WHAT IS BEING ASKED:
In the entries below, find the line with "وَلِأَنَّ هَذَا الِاسْتِثْنَاءَ" and the line with "Crossword for 10/11/2025". Repeat exactly everything between them, those two lines included, but not the pictures.

MATERIAL TO PROCESS:
━━━━━━━━━━━━━━━━━━━━
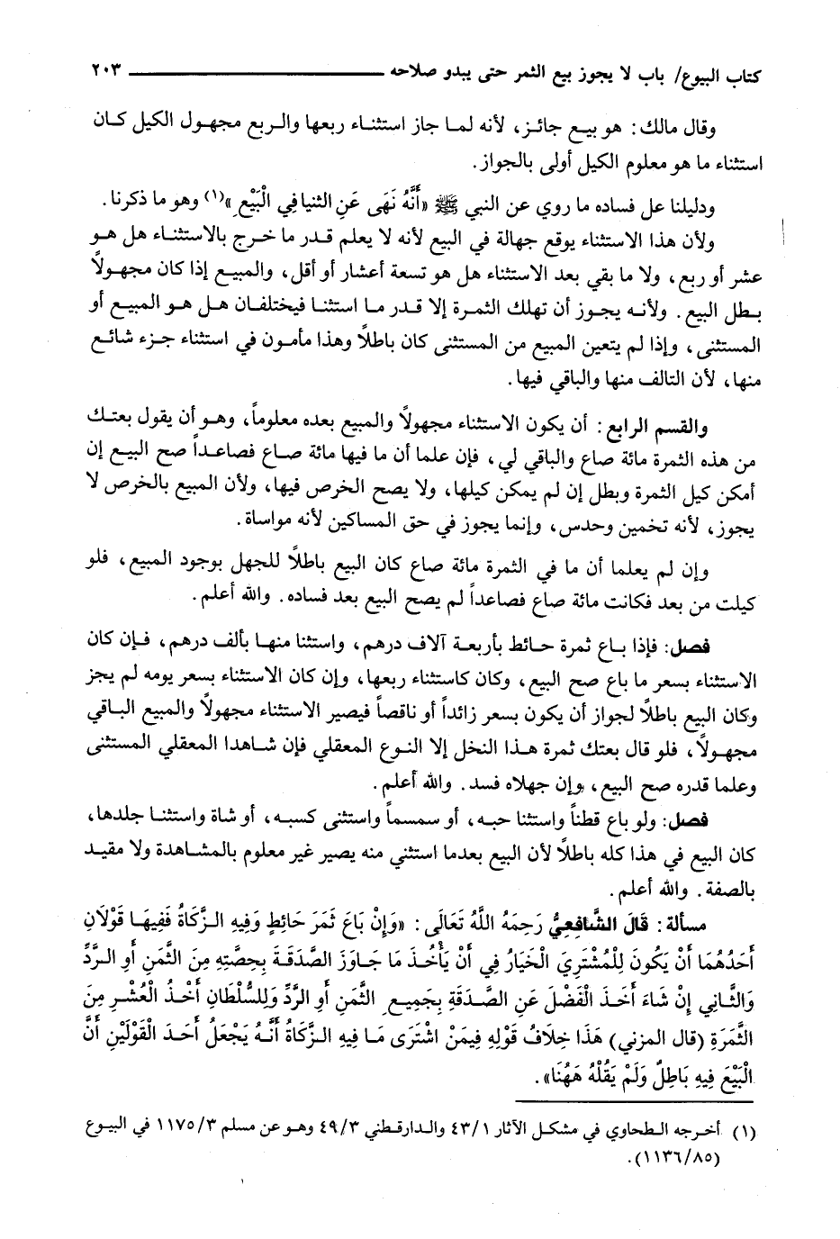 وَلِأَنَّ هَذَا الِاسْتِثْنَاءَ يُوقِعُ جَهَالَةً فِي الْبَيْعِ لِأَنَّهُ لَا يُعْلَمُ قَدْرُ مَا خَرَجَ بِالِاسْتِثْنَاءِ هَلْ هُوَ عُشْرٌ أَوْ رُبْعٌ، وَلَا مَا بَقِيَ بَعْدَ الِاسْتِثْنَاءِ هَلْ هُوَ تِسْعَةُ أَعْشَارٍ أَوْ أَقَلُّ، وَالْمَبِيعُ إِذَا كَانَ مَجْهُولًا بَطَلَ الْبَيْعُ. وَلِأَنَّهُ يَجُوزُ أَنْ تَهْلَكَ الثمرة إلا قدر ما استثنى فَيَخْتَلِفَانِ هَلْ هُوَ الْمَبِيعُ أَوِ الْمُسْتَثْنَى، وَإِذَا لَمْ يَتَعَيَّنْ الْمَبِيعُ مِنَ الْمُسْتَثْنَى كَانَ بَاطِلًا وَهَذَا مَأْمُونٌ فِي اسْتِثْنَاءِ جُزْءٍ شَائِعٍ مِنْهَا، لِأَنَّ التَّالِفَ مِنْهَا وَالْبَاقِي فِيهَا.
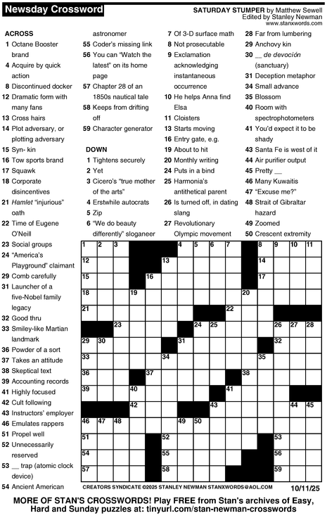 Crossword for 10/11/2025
━━━━━━━━━━━━━━━━━━━━
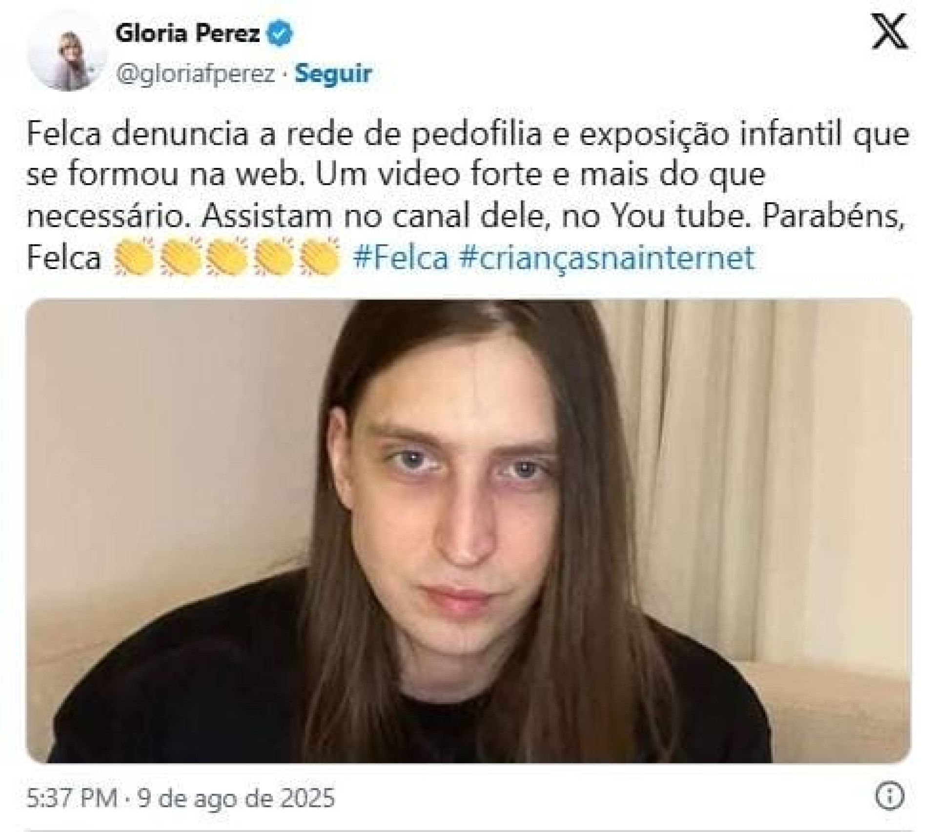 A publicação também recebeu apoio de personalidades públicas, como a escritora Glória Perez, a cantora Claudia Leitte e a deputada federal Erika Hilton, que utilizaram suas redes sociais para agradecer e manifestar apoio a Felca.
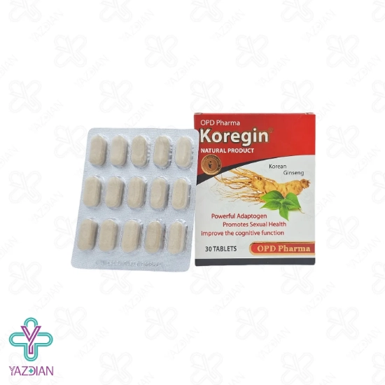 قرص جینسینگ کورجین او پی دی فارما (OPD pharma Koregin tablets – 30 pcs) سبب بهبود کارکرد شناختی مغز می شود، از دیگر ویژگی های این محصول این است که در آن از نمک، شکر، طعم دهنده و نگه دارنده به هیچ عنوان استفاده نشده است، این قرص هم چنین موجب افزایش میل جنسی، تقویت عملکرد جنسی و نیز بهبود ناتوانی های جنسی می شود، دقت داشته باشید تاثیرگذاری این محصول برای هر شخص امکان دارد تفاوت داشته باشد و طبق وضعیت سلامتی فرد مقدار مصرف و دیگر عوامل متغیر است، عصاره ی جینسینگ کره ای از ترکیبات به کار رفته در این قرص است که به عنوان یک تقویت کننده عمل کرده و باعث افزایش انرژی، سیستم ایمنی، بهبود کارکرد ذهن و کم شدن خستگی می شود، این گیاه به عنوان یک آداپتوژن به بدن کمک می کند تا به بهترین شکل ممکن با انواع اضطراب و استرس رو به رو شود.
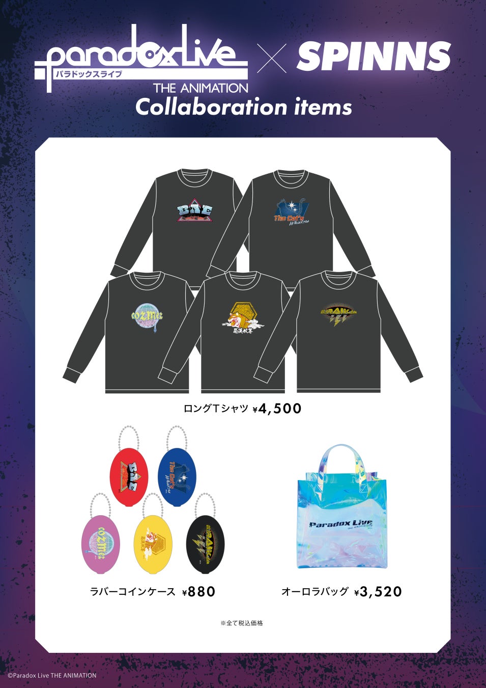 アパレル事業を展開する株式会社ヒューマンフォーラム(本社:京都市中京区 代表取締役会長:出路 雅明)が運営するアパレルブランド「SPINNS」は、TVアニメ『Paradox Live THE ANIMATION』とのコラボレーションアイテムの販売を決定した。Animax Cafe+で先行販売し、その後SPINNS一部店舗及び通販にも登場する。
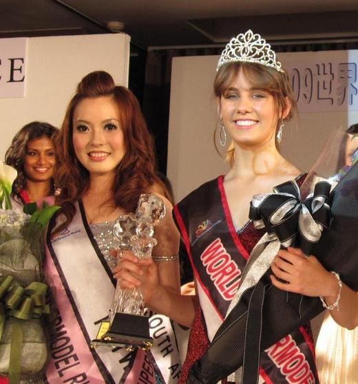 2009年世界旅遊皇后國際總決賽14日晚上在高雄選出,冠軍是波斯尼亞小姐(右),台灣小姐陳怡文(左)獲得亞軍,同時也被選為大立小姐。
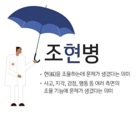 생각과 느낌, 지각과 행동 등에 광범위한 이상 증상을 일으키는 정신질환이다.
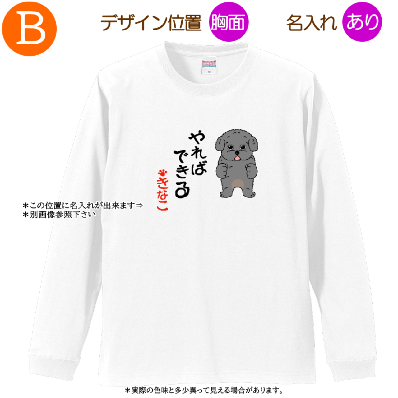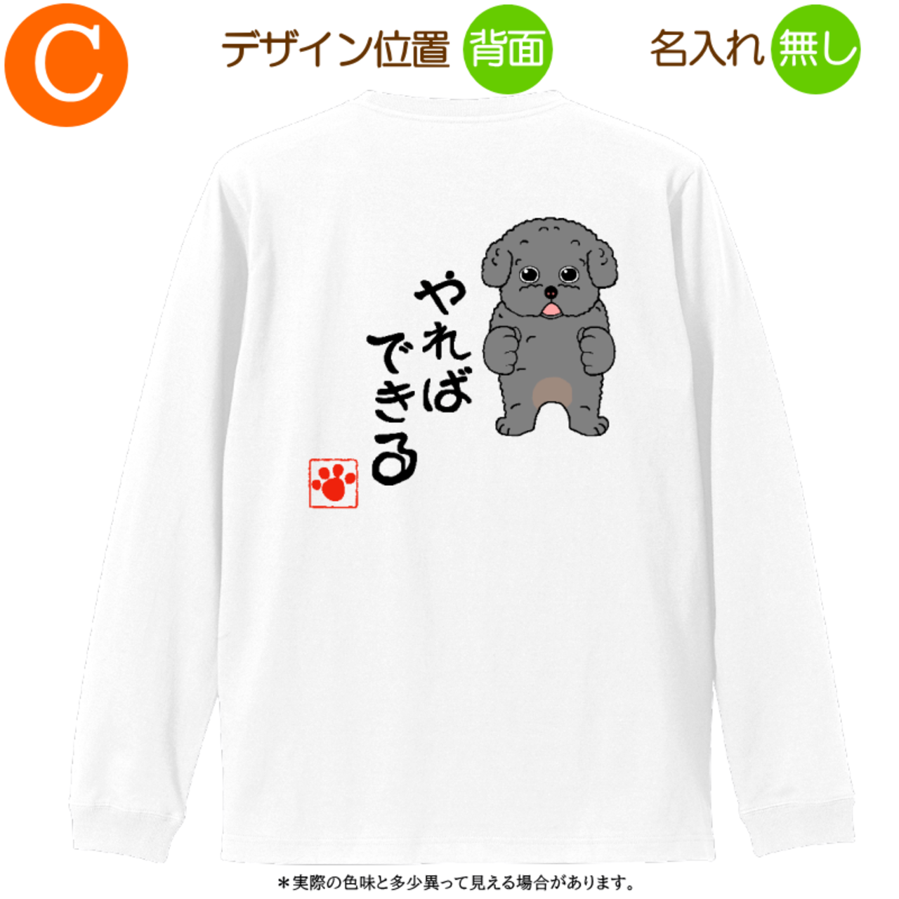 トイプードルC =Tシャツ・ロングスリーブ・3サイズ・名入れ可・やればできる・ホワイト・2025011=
━━━━━━━━━━━━━━━━━━━━
EXERCISE SOLUTION:
 وَلِأَنَّ هَذَا الِاسْتِثْنَاءَ يُوقِعُ جَهَالَةً فِي الْبَيْعِ لِأَنَّهُ لَا يُعْلَمُ قَدْرُ مَا خَرَجَ بِالِاسْتِثْنَاءِ هَلْ هُوَ عُشْرٌ أَوْ رُبْعٌ، وَلَا مَا بَقِيَ بَعْدَ الِاسْتِثْنَاءِ هَلْ هُوَ تِسْعَةُ أَعْشَارٍ أَوْ أَقَلُّ، وَالْمَبِيعُ إِذَا كَانَ مَجْهُولًا بَطَلَ الْبَيْعُ. وَلِأَنَّهُ يَجُوزُ أَنْ تَهْلَكَ الثمرة إلا قدر ما استثنى فَيَخْتَلِفَانِ هَلْ هُوَ الْمَبِيعُ أَوِ الْمُسْتَثْنَى، وَإِذَا لَمْ يَتَعَيَّنْ الْمَبِيعُ مِنَ الْمُسْتَثْنَى كَانَ بَاطِلًا وَهَذَا مَأْمُونٌ فِي اسْتِثْنَاءِ جُزْءٍ شَائِعٍ مِنْهَا، لِأَنَّ التَّالِفَ مِنْهَا وَالْبَاقِي فِيهَا.
 Crossword for 10/11/2025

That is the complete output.